Perceraian itu bukanlah hal yang buruk, setidaknya itulah yang bisa kalian di zaman sekarang. Kalau memang hubungan sudah tidak sehat atau istilahnya toxic, buat apa dipertahankan. Setiap hari di KDRT, mendapat tekanan mental, tidak diberi nafkah, untuk apa mempertahankan hubungan seperti itu? Setiap orang berhak mendapatkan dan menjalani hidup yang bahagia. Bercerai tidak melulu buruk selama kalian punya alasan yang kuat untuk bercerai.
Yang namanya pelecehan itu tidak mengenal usia dan gender. Mau itu pria, wanita, tua, muda, anak-anak, beresiko menjadi korban pelecehan. Untuk mencegah hal ini terjadi, salah satu caranya adalah dengan mengajarkan pelajaran sex. Sayangnya, sex edukasi dianggap tabu oleh banyak orang. Anak-anak dianggap tidak perlu diajarkan sex edukasi.

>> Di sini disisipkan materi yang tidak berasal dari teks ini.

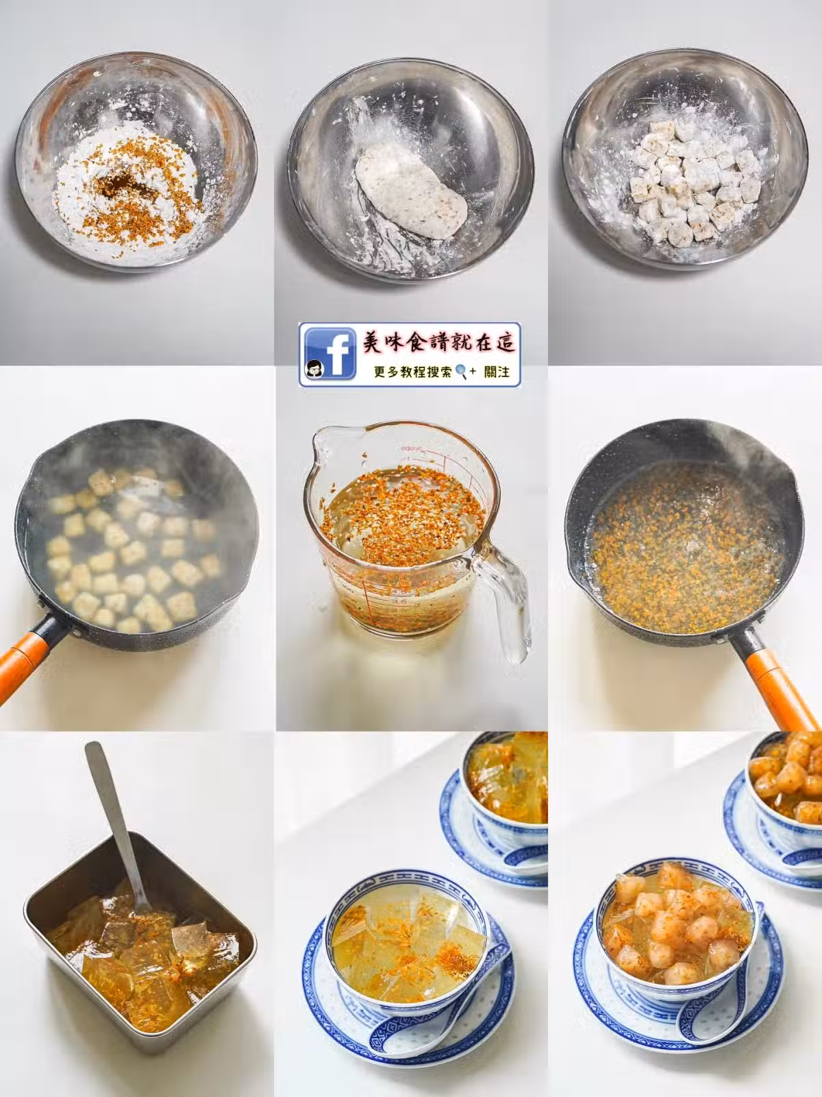 ▪️糖桂花、干桂花、蒟蒻粉加入直飲水,混合均勻後入鍋煮沸,倒入容器放涼。
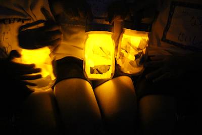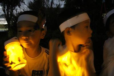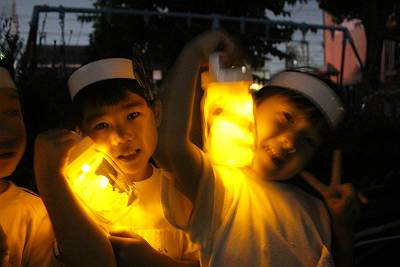みんなが作った手作りのお面と灯篭を持って

Sex edukasi itu penting diajarkan sejak dini. Kalau kalian tahu dengan apa yang namanya pedofil dan tidak mau anak kalian jadi korban atau pelaku pedofil ketika dewasa, ajarkan pelajaran sex sejak kecil. Jangan tunggu nanti-nanti karena predator sex tidak akan menunggu kalian sampai siap. Untungnya sekarang sudah banyak orang tua yang sadar betapa pentingnya sex edukasi. Dulu, sex edukasi dianggap hal yang tidak pantas dibicarakan dan diajarkan ke anak-anak.
Orang tua sudah pasti benar, anak kecil harus patuh, tidak boleh melawan. Itulah pola pikir zaman dulu yang sering diajarkan oleh orang tua ke anaknya. Karena status sebagai anak, suara atau pendapat anak tidak dianggap oleh orang tua. Mau itu orang tua benar atau salah, anak harus ikut, tidak boleh tidak.
Yang namanya salah itu tidak kenal status, orang tua juga bisa salah. Sayangnya, orang tua takut disalahkan karena ego nya bisa rusak. Anak yang tidak tahu dan kemampuan berpikirnya masih belum rendah, akan ikut orang tuanya yang salah. Kalau kalian sudah dewasa, sudah mampu berpikir dan membedakan mana yang benar dan salah, tidak ada salahnya berdebat dengan orang tua kalau ternyata keputusan orang tua ada salah.